La Seconda parte della Relazione Finale, dopo avere rilevato gli aspetti che caratterizzano il contesto attuale, passa alla fase dell’annuncio del piano di Dio sulla famiglia, secondo la dottrina tradizionale della Chiesa. La trasmissione del Vangelo che attraversa i secoli e le culture, pur rimanendo intatto in se stesso, chiede di essere accolto in maniera nuova, a seconda di quanto e di quanti incontra. Perciò, non si tratta di riproporre cose del passato, ma di intravvedere la perenne attualità della salvezza che ancora vivifica ogni dimensione umana.

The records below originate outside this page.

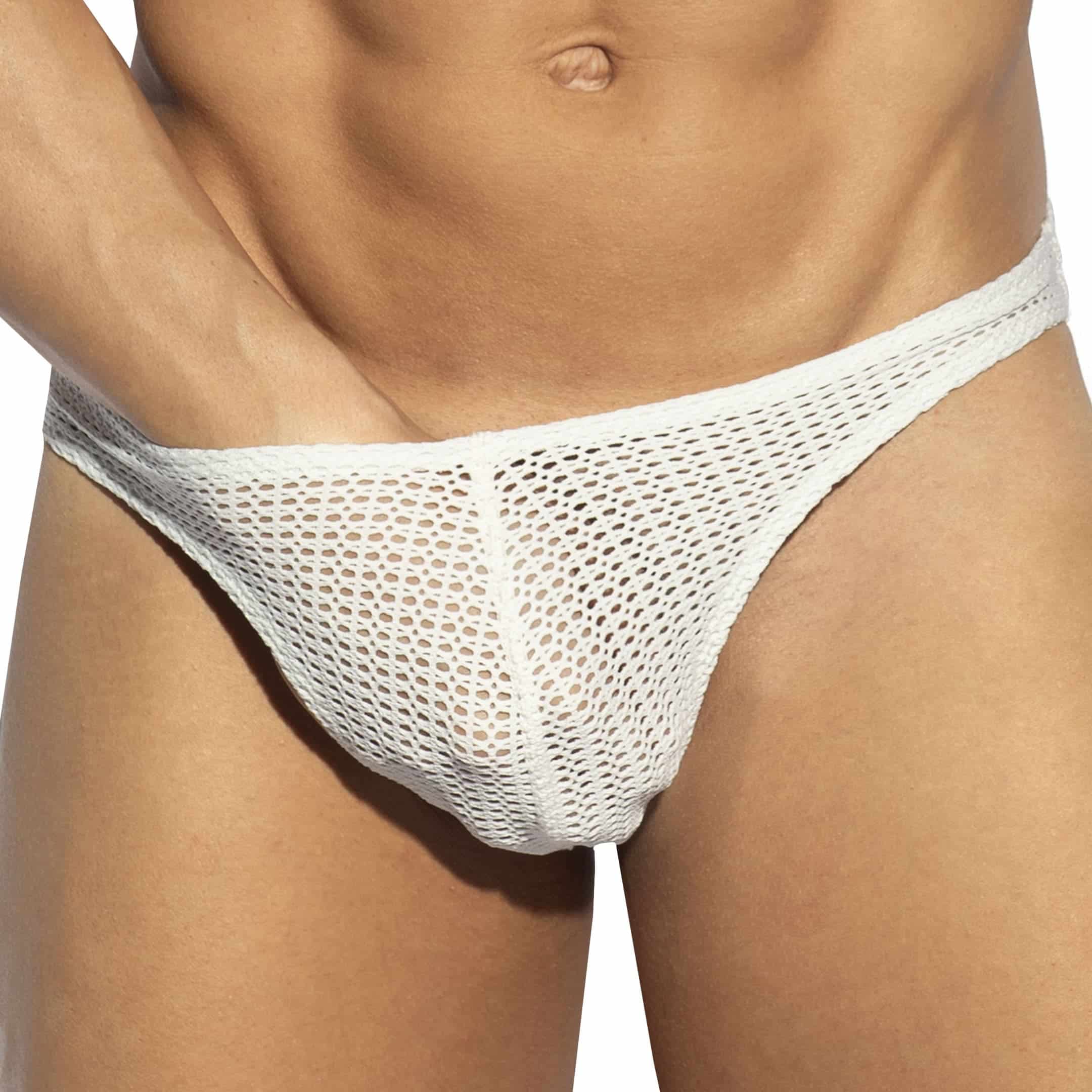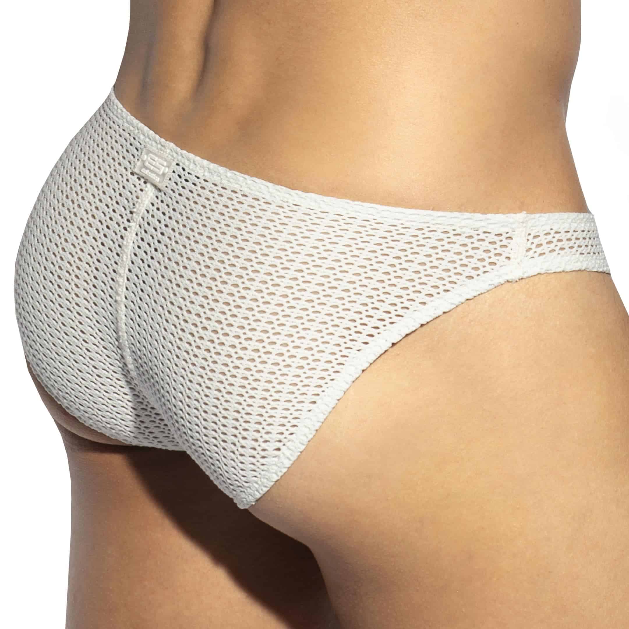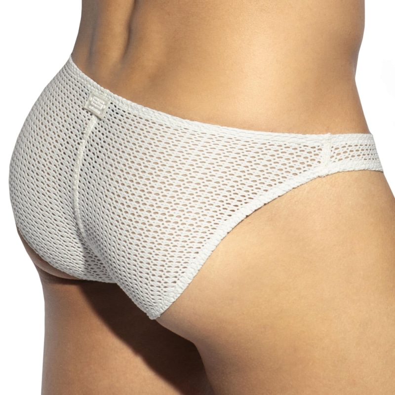 Comfortable, sexy brief made from wide-mesh fishnet for a bohemian chic look. Fabric recycled from plastic bottles. Unlined for total transparency. Minimalist and fitted cut. ES silicone label at the top of the buttocks.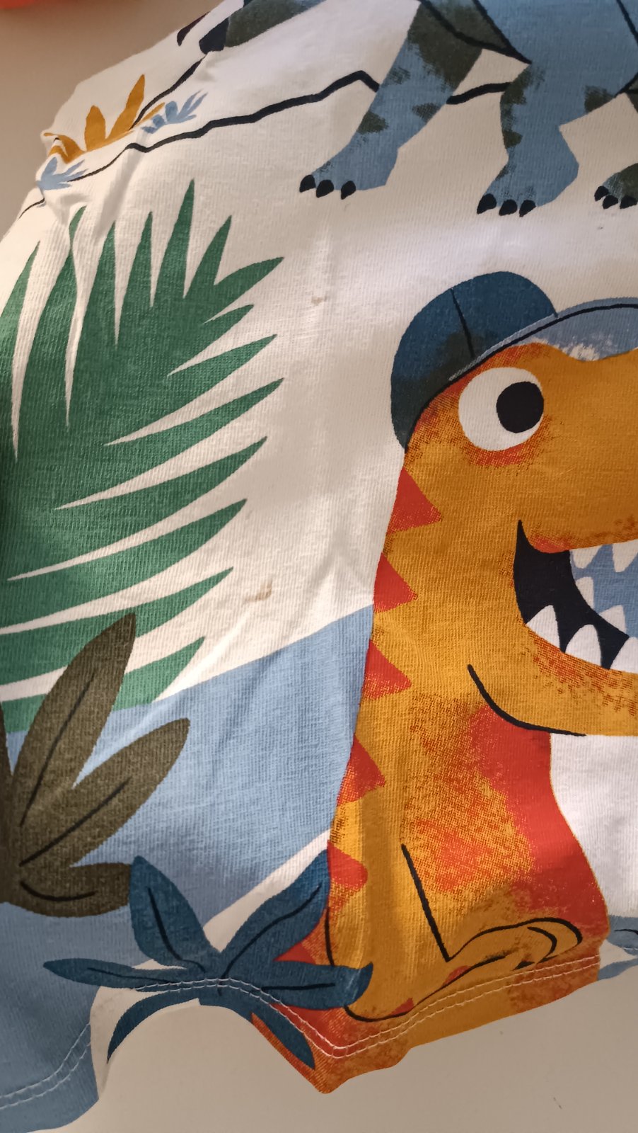 Pyžamo nosené málo, vpredu dva fliačky, neviem od čoho, odfotila som,,, inak vo výbornom stave bez iných poškodení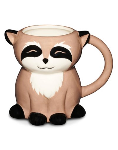 Share your mornings with a friendly companion when you get this adorable raccoon-shaped coffee mug. Add it to your drinkware collection and kick off your day with a smile! Dimensions: 5.9" H x 4.3" W x 4.3" D Material: Ceramic Care: Hand wash Imported.
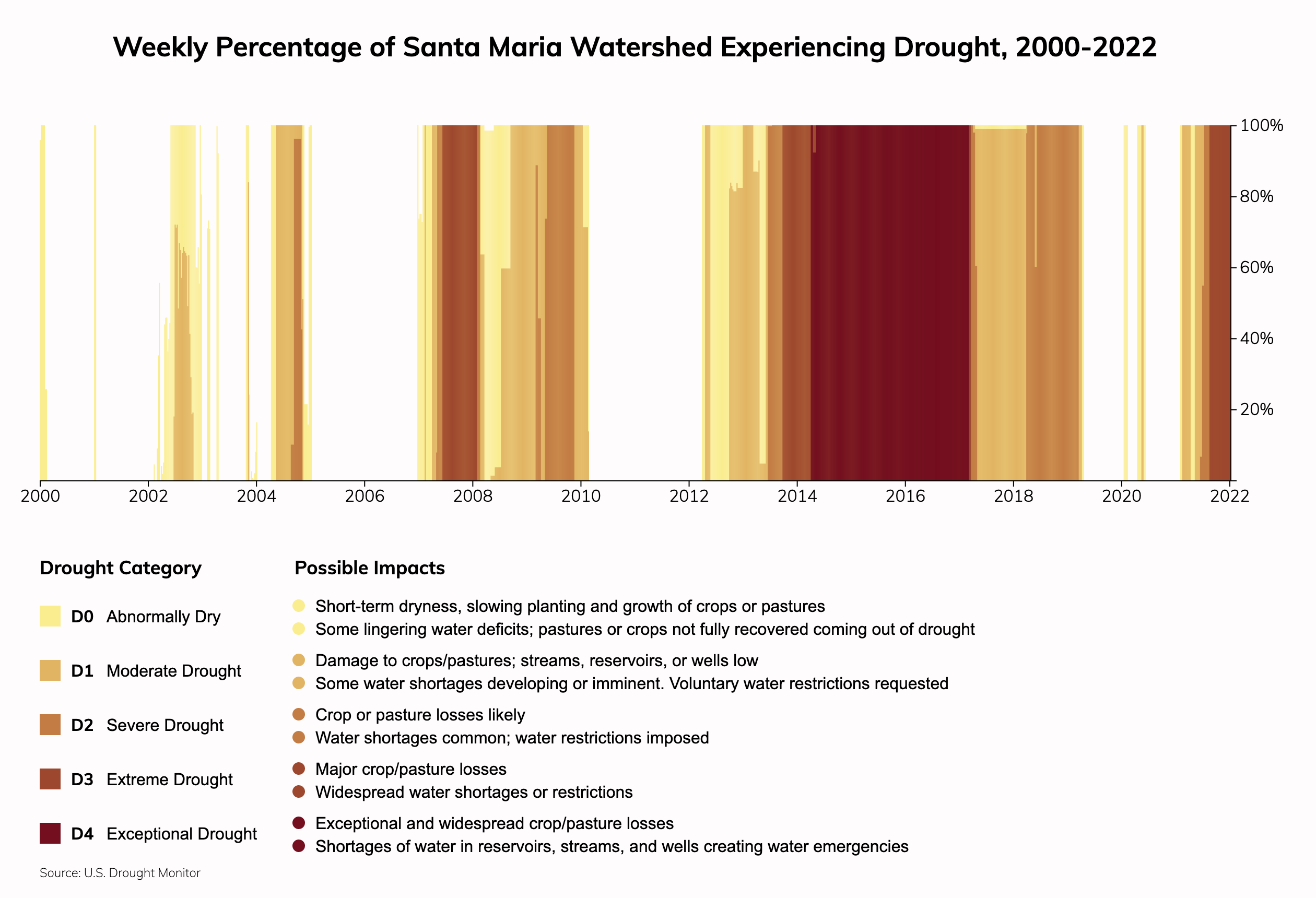 The Santa Maria watershed, which contains Santa Maria, CA, has experienced 760 weeks (63% of weeks) since 2000 with some of its area in drought of any level, and 273 weeks (23% of weeks) since 2000 with some of its area in Extreme or Exceptional drought. Source: National Drought Monitor.Climate change is increasing the risk of drought. Water stress (the ratio of water demand to supply) depends on how water utilities source water and their plans to adapt to climate change. Property owners can also take steps to reduce their risks from drought.

La Terza parte infine, tratta della missione della famiglia, tenuto conto delle potenzialità insite nella realtà familiare come pure delle criticità, oggetto peraltro delle maggiori curiosità mediatiche. È in questa parte del Documento che si trovano i punti di discussione più problematici e attinenti soprattutto alle situazioni che vengono denominate “complesse”, da affrontarsi con il “discernimento”, i cui elementi sono tratti dal magistero recente dei papi, almeno dal Concilio in avanti, presentati in maniera organica e sempre da valutarsi caso per caso. Probabilmente questo rappresenta il vero passo in avanti nel tentativo di affrontare la questione con equilibrio e sapienza considerando che non è possibile dare un orientamento univoco, in quanto ogni situazione di vita costituisce un caso a sé. La sapienza pastorale saprà coniugare affermazioni di principio con la situazione personale, senza scadere nel freddo legalismo o nel semplicistico lassismo. Si tratta così di una operazione complessa, che non a caso appartiene al discernimento, in cui ci si pone tutti alla scuola dello Spirito per cercare di comprendere quanto esso ispira. La Relazione tocca pure il tema del gender, oggetto di dibattito attuale nel nostro territorio: «Il cristianesimo proclama che Dio ha creato l’uomo come maschio e femmina, e li ha benedetti affinché formassero una sola carne e trasmettessero la vita (cf. Gen 1, 27-28; 2, 24). La loro differenza, nella pari dignità personale, è il sigillo della buona creazione di Dio. Secondo il principio cristiano, anima e corpo, come anche sesso biologico (sex) e ruolo sociale-culturale del sesso (gender), si possono distinguere, ma non separare». Su questo punto, mi permetto di suggerire la lettura di La questione gender. Una sfida antropologica, del noto teologo Aristide Fumagalli (Queriniana 2015).